[Saved data entries]
•••••

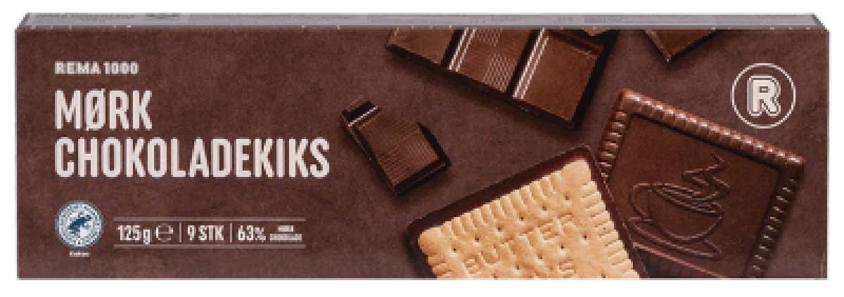 Med 63 % mørk chokolade med mindst 50 % kakaotørstof.
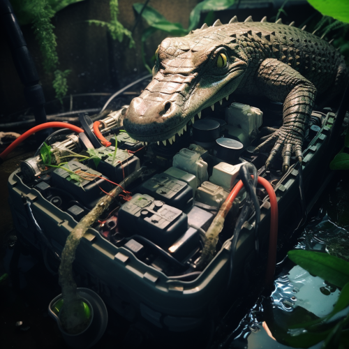 highly real photo with the background the battery which is connected to the crocodiles clips in the engine compartment of the new car
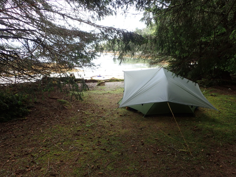 The sound of rain on the roof had me scuttling out of the tent at 5:45 to rescue my drysuit and long johns from the no-longer drying area. Then it was back to bed ’til about 9. I took advantage of a brief lull in the rain to select a suitable centre pole for my tarp from the driftwood offerings on the beach, and used my kayak mast to hold one edge high as an entrance.
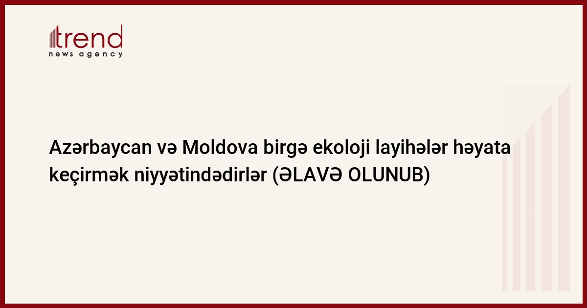 Azərbaycan və Moldova ekologiya sahəsində müştərək layihələri müzakirə edəcəklər. Trend-in məlumatına görə, bu barədə cümə axşamı jurnalistlərə Moldovanın ətraf mühit naziri George Şalaru deyib.
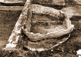 Afb. 1. De gemetselde kuip met onbekende functie. Op de voorgrond is te zien dat hij aanvankelijk groter is geweest. Vermoedelijk beschadigd door vorstwerking is er een nieuwe muur ingezet, waarbij hij iets kleiner werd. Links van de rechte muur is de zuidelijke kloostervleugel, rechts daarvan de binnenplaats van het klooster.
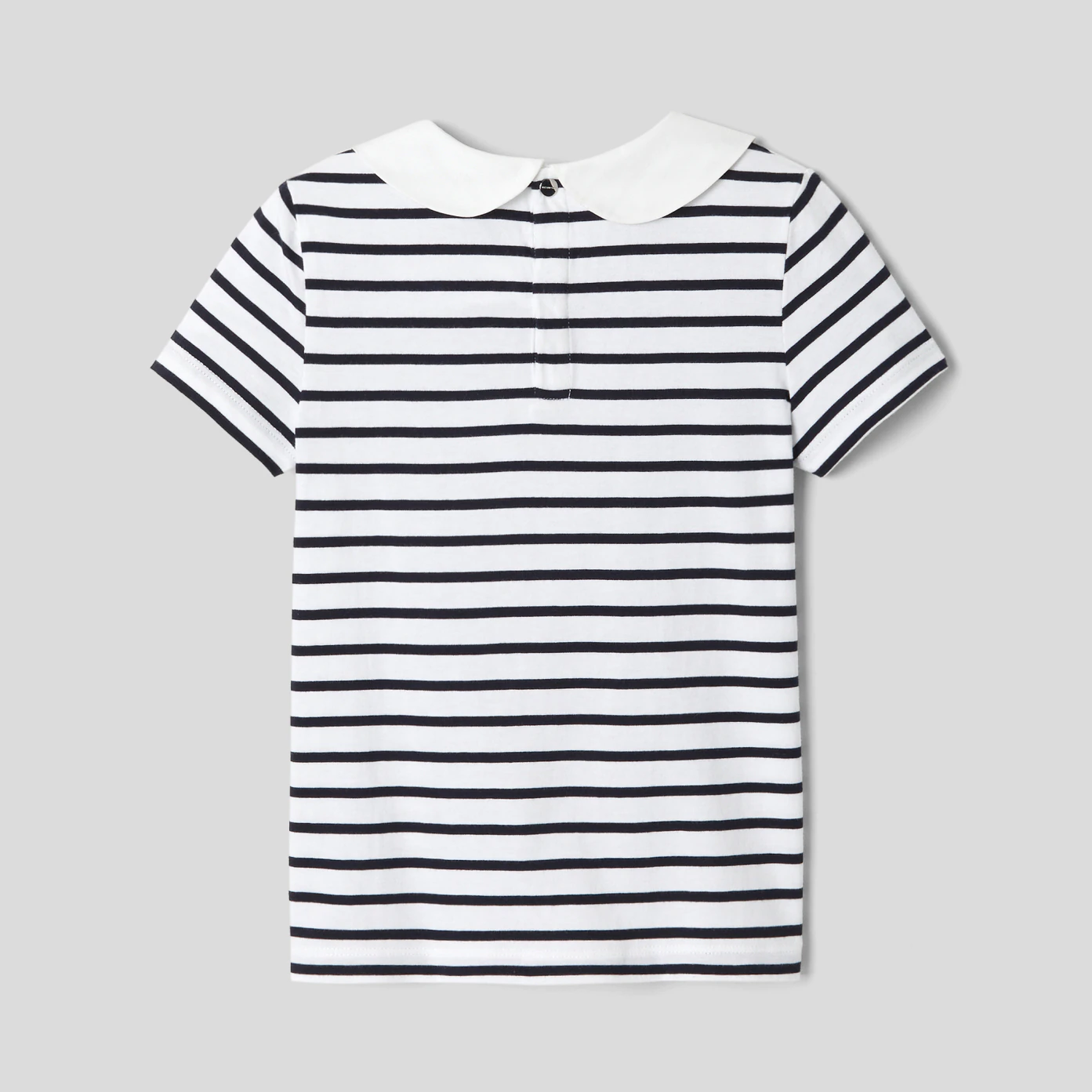 L'incontournable polo enfant fille est orné d'un col Claudine en popeline pour un look chic. En jersey organique souple et confortable, il pourra être porté avec un jean flare ou une jupe plissée au printemps. - Coton organique - Col en popeline - Ouverture pressionnée au dos
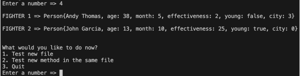 To test this method, select the setupGladiators option in the driver after also completing setupPeople – see above.
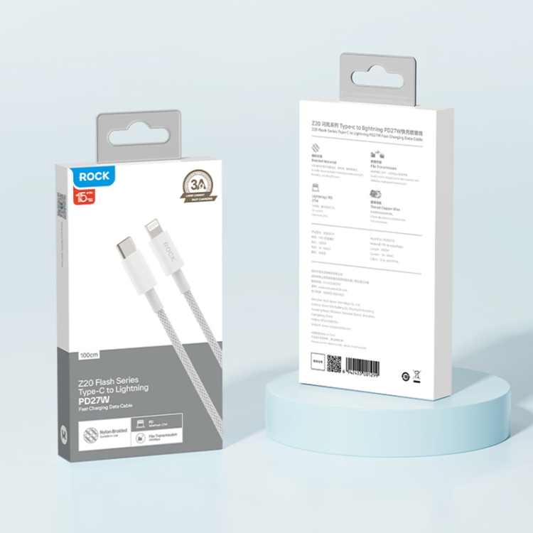 ROCK Z20 1m PD27W USB-C / Type-C to 8 Pin Fast Charging Data Cable
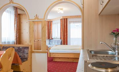Suite mit Küchenzeile, Sitzecke, Schreibtisch, Sat TV LCD 42“, Safe und gratis W-Lan sowie Badezimmer mit Dusche, WC und Föhn. Die Familiensuiten verfügen teilweise über einen Balkon.
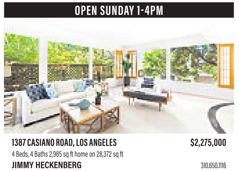yes OPEN SUNDAY 1-4PM 1387CASIANOROAD, LOSANGELES $2,275,000 4Beds, 4Baths 2,985sqfthomeon28,372sqft JIMMY HECKENBERG 310.650.1116 See also
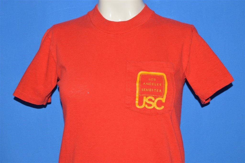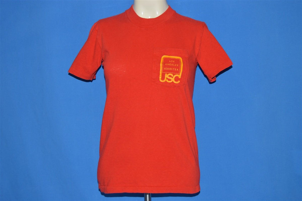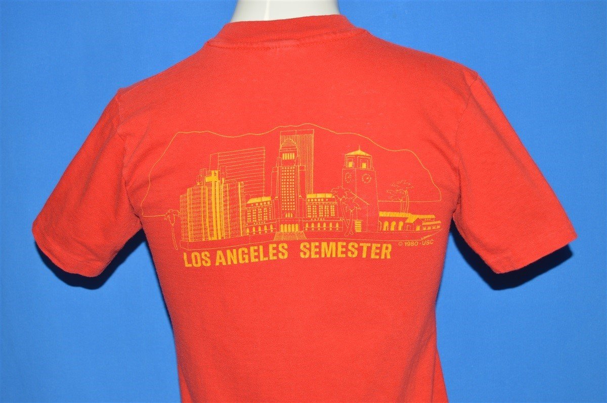 This shirt has a graphic on the back of Los Angeles, and the words "Los Angeles Semester". On the front upper left, there is a pocket with the letters "USC". USC stands for University of Southern California, which is located in Los Angeles.
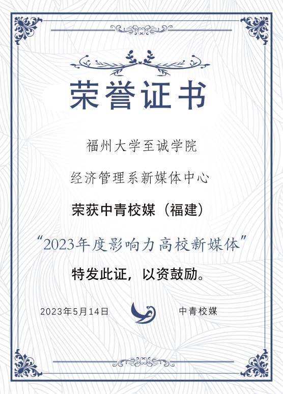 近日,在中国青年报社、中国青少年新媒体协会和中青校媒(福建)共同主办的“2021-2022高校可视化新闻激励计划-寻找高校可视化融媒团队”评选活动中,国产成人视频 团委融媒体中心、经济管理系新媒体中心双双获评中青校媒(福建)“2023年度影响力高校新媒体”。

•••••

§ **Requirement**
Quote every record above exactly, omitting any pictures they contain.

§ **Problem solution**
 Med 63 % mørk chokolade med mindst 50 % kakaotørstof.
 highly real photo with the background the battery which is connected to the crocodiles clips in the engine compartment of the new car
 The sound of rain on the roof had me scuttling out of the tent at 5:45 to rescue my drysuit and long johns from the no-longer drying area. Then it was back to bed ’til about 9. I took advantage of a brief lull in the rain to select a suitable centre pole for my tarp from the driftwood offerings on the beach, and used my kayak mast to hold one edge high as an entrance.
 Azərbaycan və Moldova ekologiya sahəsində müştərək layihələri müzakirə edəcəklər. Trend-in məlumatına görə, bu barədə cümə axşamı jurnalistlərə Moldovanın ətraf mühit naziri George Şalaru deyib.
 Afb. 1. De gemetselde kuip met onbekende functie. Op de voorgrond is te zien dat hij aanvankelijk groter is geweest. Vermoedelijk beschadigd door vorstwerking is er een nieuwe muur ingezet, waarbij hij iets kleiner werd. Links van de rechte muur is de zuidelijke kloostervleugel, rechts daarvan de binnenplaats van het klooster.
 L'incontournable polo enfant fille est orné d'un col Claudine en popeline pour un look chic. En jersey organique souple et confortable, il pourra être porté avec un jean flare ou une jupe plissée au printemps. - Coton organique - Col en popeline - Ouverture pressionnée au dos
 To test this method, select the setupGladiators option in the driver after also completing setupPeople – see above.
 ROCK Z20 1m PD27W USB-C / Type-C to 8 Pin Fast Charging Data Cable
Suite mit Küchenzeile, Sitzecke, Schreibtisch, Sat TV LCD 42“, Safe und gratis W-Lan sowie Badezimmer mit Dusche, WC und Föhn. Die Familiensuiten verfügen teilweise über einen Balkon.
yes OPEN SUNDAY 1-4PM 1387CASIANOROAD, LOSANGELES $2,275,000 4Beds, 4Baths 2,985sqfthomeon28,372sqft JIMMY HECKENBERG 310.650.1116 See also
 This shirt has a graphic on the back of Los Angeles, and the words "Los Angeles Semester". On the front upper left, there is a pocket with the letters "USC". USC stands for University of Southern California, which is located in Los Angeles.
 近日,在中国青年报社、中国青少年新媒体协会和中青校媒(福建)共同主办的“2021-2022高校可视化新闻激励计划-寻找高校可视化融媒团队”评选活动中,国产成人视频 团委融媒体中心、经济管理系新媒体中心双双获评中青校媒(福建)“2023年度影响力高校新媒体”。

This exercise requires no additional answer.